NEEBS: Nonexpert large-scale environment building system for deep neural network

被引:0
|
作者
Tajima, Yoshiharu [1 ,2 ]
Asaoka, Masahiro [1 ]
Tabuchi, Akihiro [1 ]
Kasagi, Akihiko [1 ]
Tabaru, Tsuguchika [1 ]
机构
[1] Fujitsu Ltd, Fujitsu Labs, Kawasaki, Kanagawa, Japan
[2] Fujitsu Ltd, Fujitsu Labs, 4-1-1 Kamikodanaka,Nakahara ku, Kawasaki, Kanagawa, Japan
来源
关键词
BERT; deep neural network; large-scale clusters; natural language processing;
D O I
10.1002/cpe.7499
中图分类号
TP31 [计算机软件];
学科分类号
081202 ; 0835 ;
摘要
Deep neural networks (DNNs) have greatly improved the accuracy of various tasks in areas such as natural language processing (NLP).

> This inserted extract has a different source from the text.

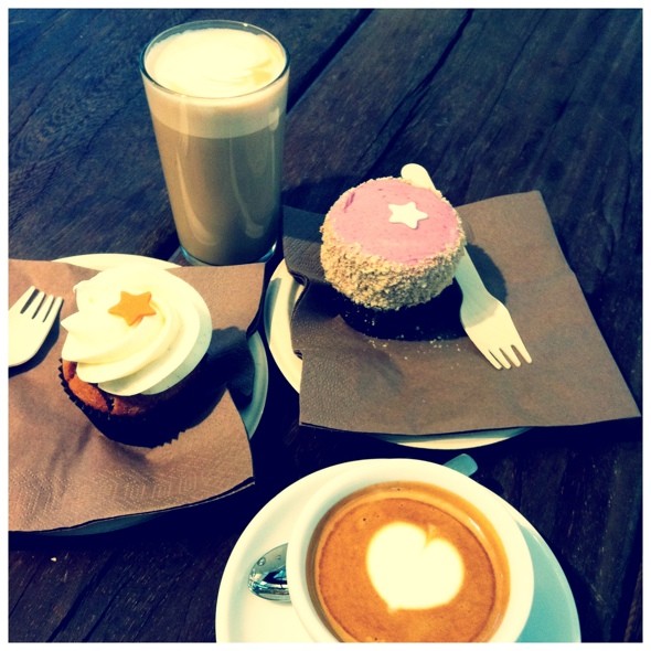 Verdens bedste kaffe fra Coffee Collective og lækre cupcakes fra Agnes (det var før Cupcake-skandalen, men jeg er nu ikke sikker på, hvad der er stærkest – min retfærdighedssans eller min lyst til lækre kager 😉 ). Begge dele indtaget i Københavns fine nye Torvehaller i godt selskab med en kær veninde og min søde Fidus.
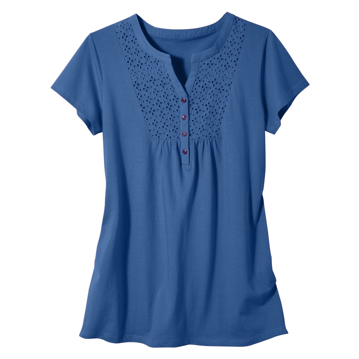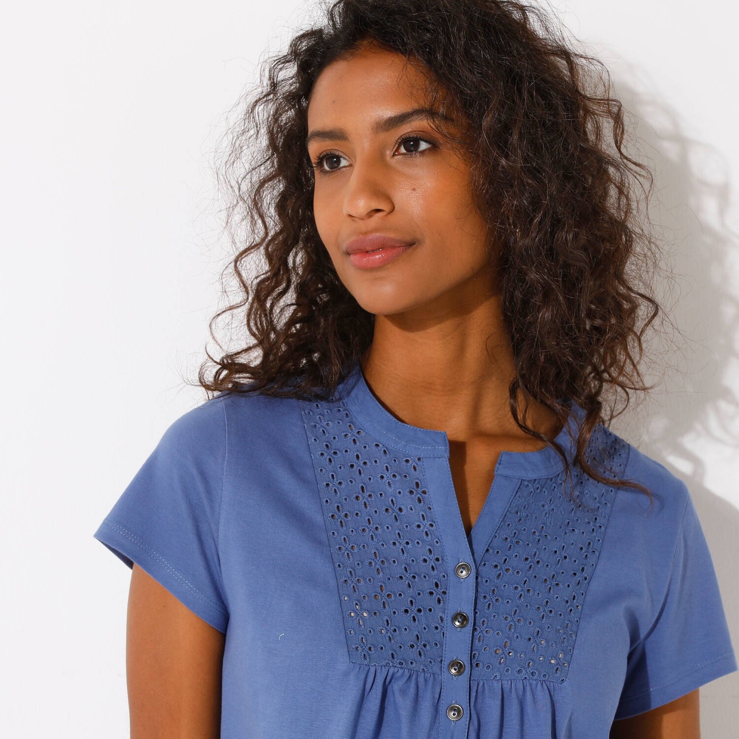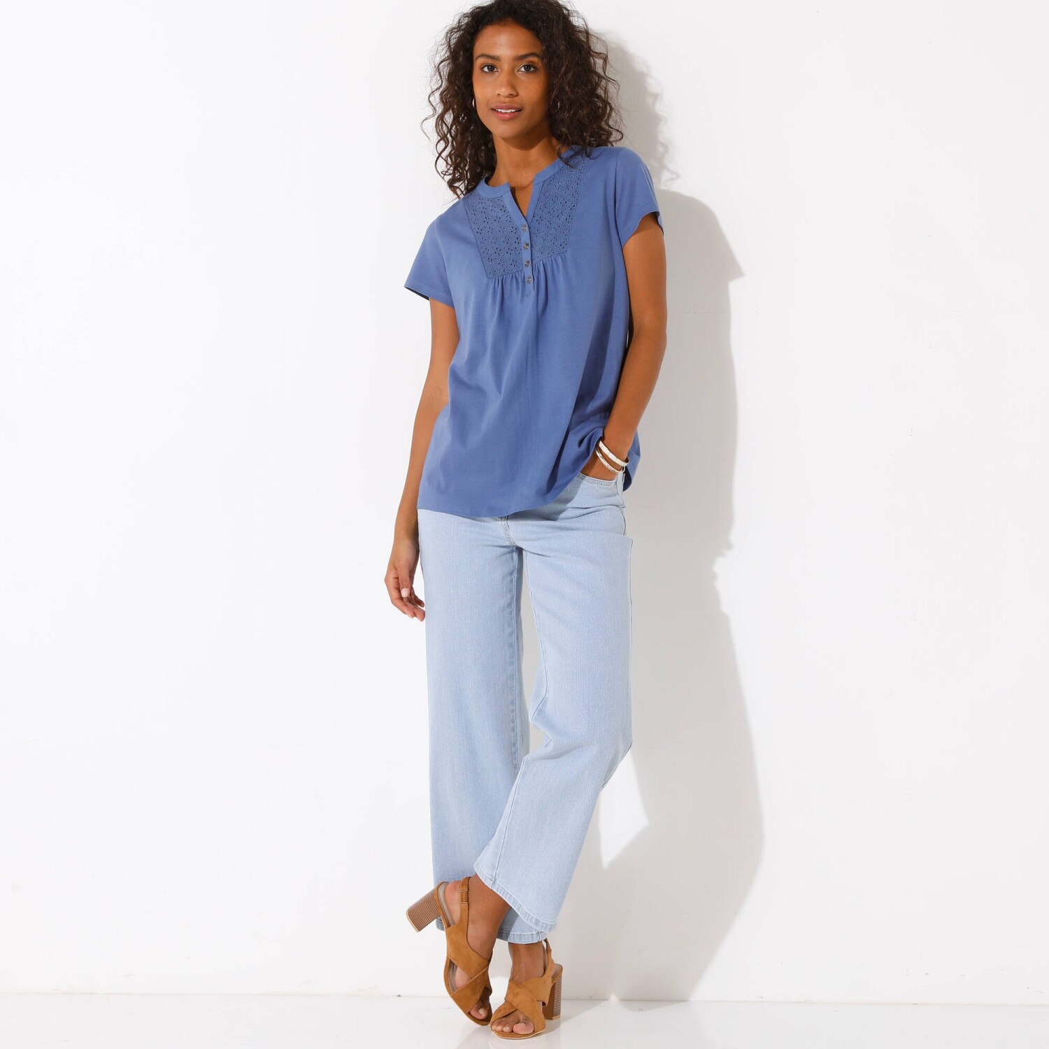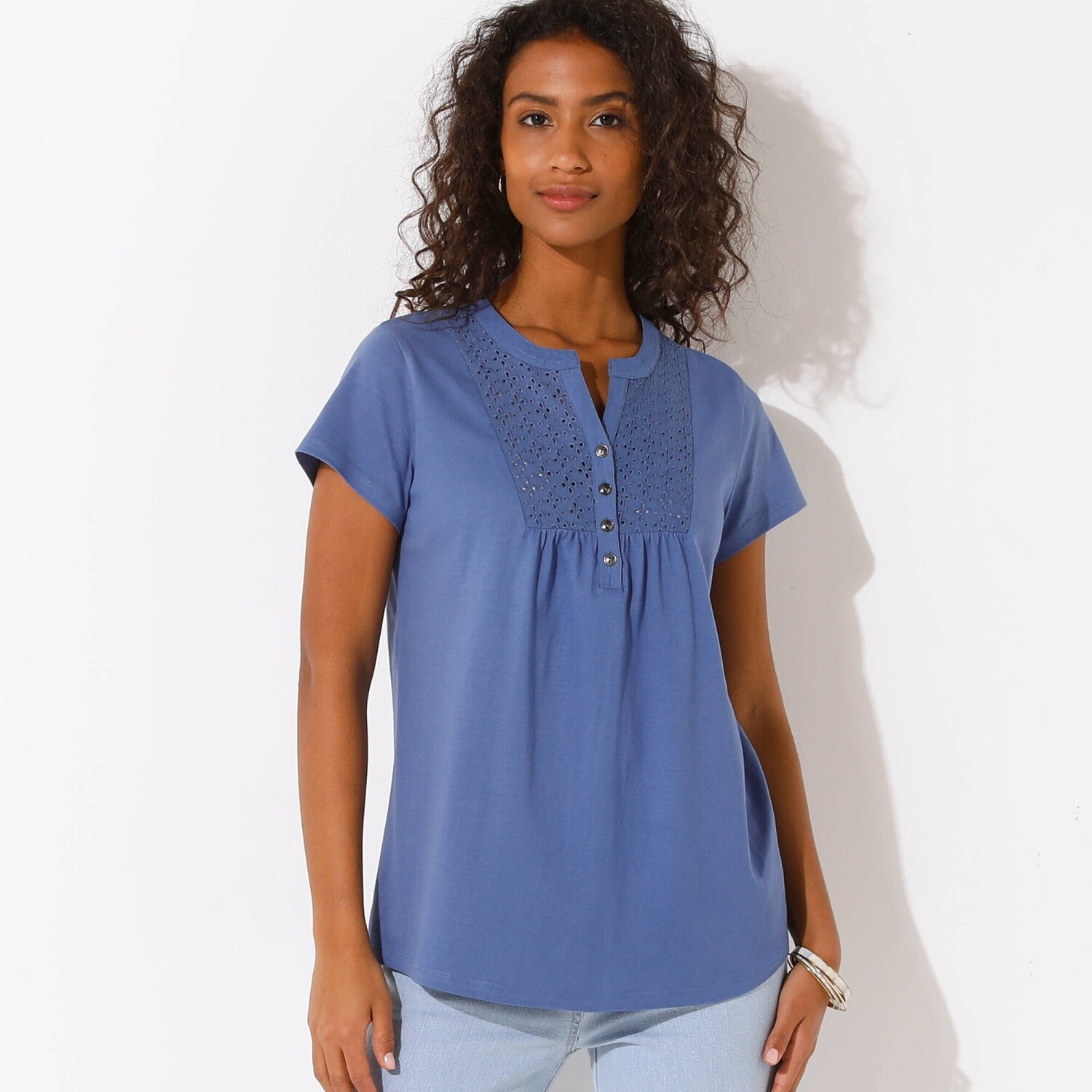 Квітковий принт прикрашає цю популярну футболку з туніським вирізом. Круглий виріз горловини з проймами та застібкою на ґудзики. Складки на плечах. Короткий рукав, спущені плечі. Тонкий повітряний трикотаж. Прямий поділ. Стильний квітковий принт. Стандарт Oeko-Tex 100 (n° CQ 1216 / 3 IFTH). Цей знак ідентифікує текстильні вироби, які були піддані лабораторним випробуванням на широкий спектр шкідливих речовин, і продукт є безпечним понад діючі стандарти. Можна прати у пральній машині.

Obtaining a highly accurate DNN model requires multiple repetitions of training on a huge dataset, which requires a large-scale cluster the compute nodes of which are tightly connected by high-speed interconnects to exchange a large amount of intermediate data with very short latency. However, fully using the computational power of a large-scale cluster for training requires knowledge of its components such as a distributed file system, an interconnection, and optimized high-performance libraries. We have developed a Non-Expert large-scale Environment Building System (NEEBS) that aids a user in building a fast-running training environment on a large-scale cluster. It automatically installs and configures the applications and necessary libraries. It also optimally prepares tools to stage both data and executable programs, and launcher scripts suitable for both the applications and job submission systems of the cluster. NEEBS achieves 93.91% throughput scalability in NLP pretraining. We also present an approach to reduce pretraining time of highly accurate DNN model for NLP using a large-scale computation environment built using NEEBS. We trained a Bidirectional Encoder Representations from Transformers (BERT)-3.9b and a BERT-xlarge using a dense masked language model (MLM) on Megatron-LM framework and evaluated the improvement in learning time and learning efficiency for a Japanese language dataset using 768 graphics processing units (GPUs) on the AI Bridging Cloud Infrastructure (ABCI). Our implementation NEEBS improved learning efficiency per iteration by a factor of 10 and completed the pretraining of BERT-xlarge in 4.7 h. This pretraining takes 5 months on a single GPU. To determine if the BERT models are correctly pretrained, we evaluated their accuracy in two tasks, Stanford Natural Language Inference Corpus translated into Japanese (JSNLI) and Twitter reputation analysis (TwitterRA). BERT-3.9b achieved 94.30% accuracy for JSNLI, and BERT-xlarge achieved 90.63% accuracy for TwitterRA. We constructed pretrained models with comparable accuracy to other Japanese BERT models in a shorter time.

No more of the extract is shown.